→ WHAT NEEDS TO BE DONE: In the following listing, work out how many lines contain the string "coffee", and state only that number.
(Beginning of DATA)
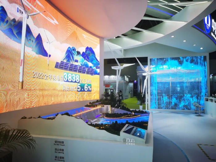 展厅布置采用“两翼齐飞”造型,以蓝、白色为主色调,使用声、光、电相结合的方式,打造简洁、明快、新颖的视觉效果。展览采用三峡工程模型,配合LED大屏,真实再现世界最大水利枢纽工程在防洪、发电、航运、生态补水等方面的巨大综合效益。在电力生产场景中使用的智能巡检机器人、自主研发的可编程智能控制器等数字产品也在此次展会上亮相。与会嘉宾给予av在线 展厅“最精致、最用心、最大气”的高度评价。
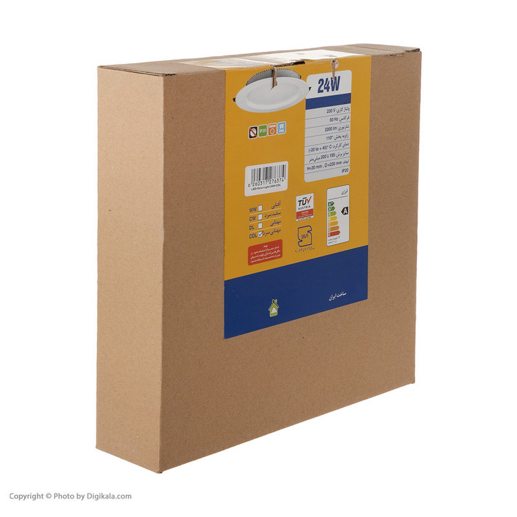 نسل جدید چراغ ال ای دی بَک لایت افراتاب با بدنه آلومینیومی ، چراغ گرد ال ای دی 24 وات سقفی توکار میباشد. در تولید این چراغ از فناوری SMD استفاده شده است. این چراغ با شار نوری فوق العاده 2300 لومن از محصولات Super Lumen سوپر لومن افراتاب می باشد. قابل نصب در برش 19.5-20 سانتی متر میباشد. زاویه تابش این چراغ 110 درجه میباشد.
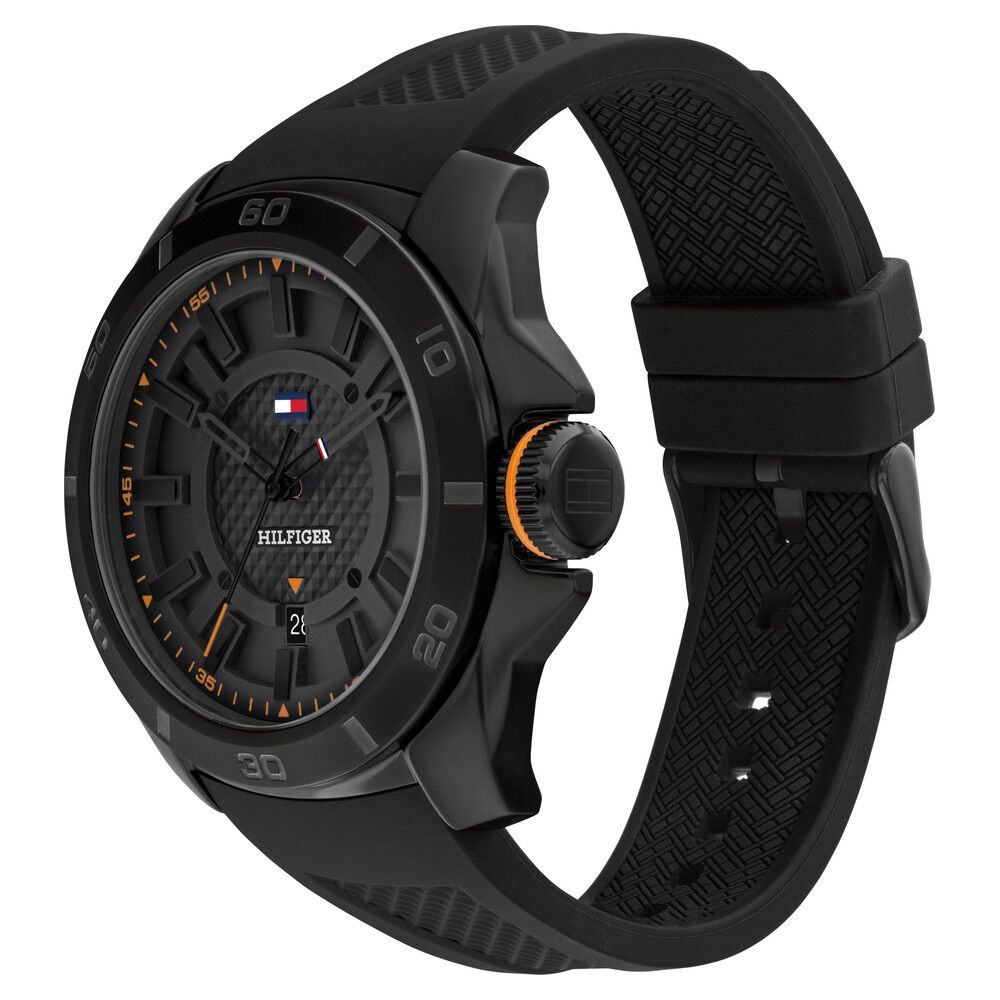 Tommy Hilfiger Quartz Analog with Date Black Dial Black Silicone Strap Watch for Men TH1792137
(End of DATA)
(Beginning of DATA)
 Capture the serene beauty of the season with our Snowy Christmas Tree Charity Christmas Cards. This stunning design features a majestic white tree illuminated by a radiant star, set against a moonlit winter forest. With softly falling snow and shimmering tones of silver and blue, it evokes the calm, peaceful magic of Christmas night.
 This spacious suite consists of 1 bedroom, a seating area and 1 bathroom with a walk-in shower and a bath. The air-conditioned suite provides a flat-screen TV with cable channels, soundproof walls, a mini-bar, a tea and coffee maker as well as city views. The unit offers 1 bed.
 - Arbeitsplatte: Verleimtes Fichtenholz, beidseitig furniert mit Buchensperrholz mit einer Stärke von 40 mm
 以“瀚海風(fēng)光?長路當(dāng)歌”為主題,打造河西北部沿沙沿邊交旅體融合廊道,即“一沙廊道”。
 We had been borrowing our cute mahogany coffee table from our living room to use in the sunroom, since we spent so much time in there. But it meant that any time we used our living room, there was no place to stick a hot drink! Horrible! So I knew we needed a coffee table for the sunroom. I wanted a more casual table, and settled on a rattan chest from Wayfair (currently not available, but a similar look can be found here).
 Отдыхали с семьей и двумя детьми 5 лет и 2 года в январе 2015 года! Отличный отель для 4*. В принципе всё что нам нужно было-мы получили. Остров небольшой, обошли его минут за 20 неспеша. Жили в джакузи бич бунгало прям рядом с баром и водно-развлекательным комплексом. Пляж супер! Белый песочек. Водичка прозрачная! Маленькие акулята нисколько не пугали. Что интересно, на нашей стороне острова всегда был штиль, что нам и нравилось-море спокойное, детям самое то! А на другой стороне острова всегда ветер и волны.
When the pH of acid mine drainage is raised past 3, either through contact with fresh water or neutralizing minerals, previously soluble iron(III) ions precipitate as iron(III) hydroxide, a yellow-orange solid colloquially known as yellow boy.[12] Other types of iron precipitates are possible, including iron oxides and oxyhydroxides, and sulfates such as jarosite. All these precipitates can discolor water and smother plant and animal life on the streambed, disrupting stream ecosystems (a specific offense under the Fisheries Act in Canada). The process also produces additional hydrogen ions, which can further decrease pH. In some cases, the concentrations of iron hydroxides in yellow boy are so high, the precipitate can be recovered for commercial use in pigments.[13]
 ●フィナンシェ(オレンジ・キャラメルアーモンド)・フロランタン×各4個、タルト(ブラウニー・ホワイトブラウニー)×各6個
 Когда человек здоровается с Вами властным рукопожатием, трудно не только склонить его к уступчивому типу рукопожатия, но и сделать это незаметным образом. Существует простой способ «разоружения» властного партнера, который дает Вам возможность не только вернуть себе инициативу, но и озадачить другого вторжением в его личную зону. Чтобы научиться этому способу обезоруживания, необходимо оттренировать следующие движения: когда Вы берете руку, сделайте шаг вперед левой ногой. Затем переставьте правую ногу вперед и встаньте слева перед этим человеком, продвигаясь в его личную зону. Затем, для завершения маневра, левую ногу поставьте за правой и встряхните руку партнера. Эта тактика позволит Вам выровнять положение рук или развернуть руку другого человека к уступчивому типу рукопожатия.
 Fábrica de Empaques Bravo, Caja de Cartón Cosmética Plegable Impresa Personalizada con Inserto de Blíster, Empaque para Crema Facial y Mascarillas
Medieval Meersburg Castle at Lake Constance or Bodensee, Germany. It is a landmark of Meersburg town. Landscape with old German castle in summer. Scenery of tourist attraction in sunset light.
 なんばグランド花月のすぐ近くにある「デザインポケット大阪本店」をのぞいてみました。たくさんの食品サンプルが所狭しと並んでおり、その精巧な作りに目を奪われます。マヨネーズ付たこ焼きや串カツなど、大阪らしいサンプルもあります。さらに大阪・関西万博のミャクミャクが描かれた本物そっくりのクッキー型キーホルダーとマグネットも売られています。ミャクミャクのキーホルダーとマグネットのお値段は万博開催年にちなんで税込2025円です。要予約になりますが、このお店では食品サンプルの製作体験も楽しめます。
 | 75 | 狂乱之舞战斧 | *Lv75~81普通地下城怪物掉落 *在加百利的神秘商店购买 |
(End of DATA)
→ REPLY: 2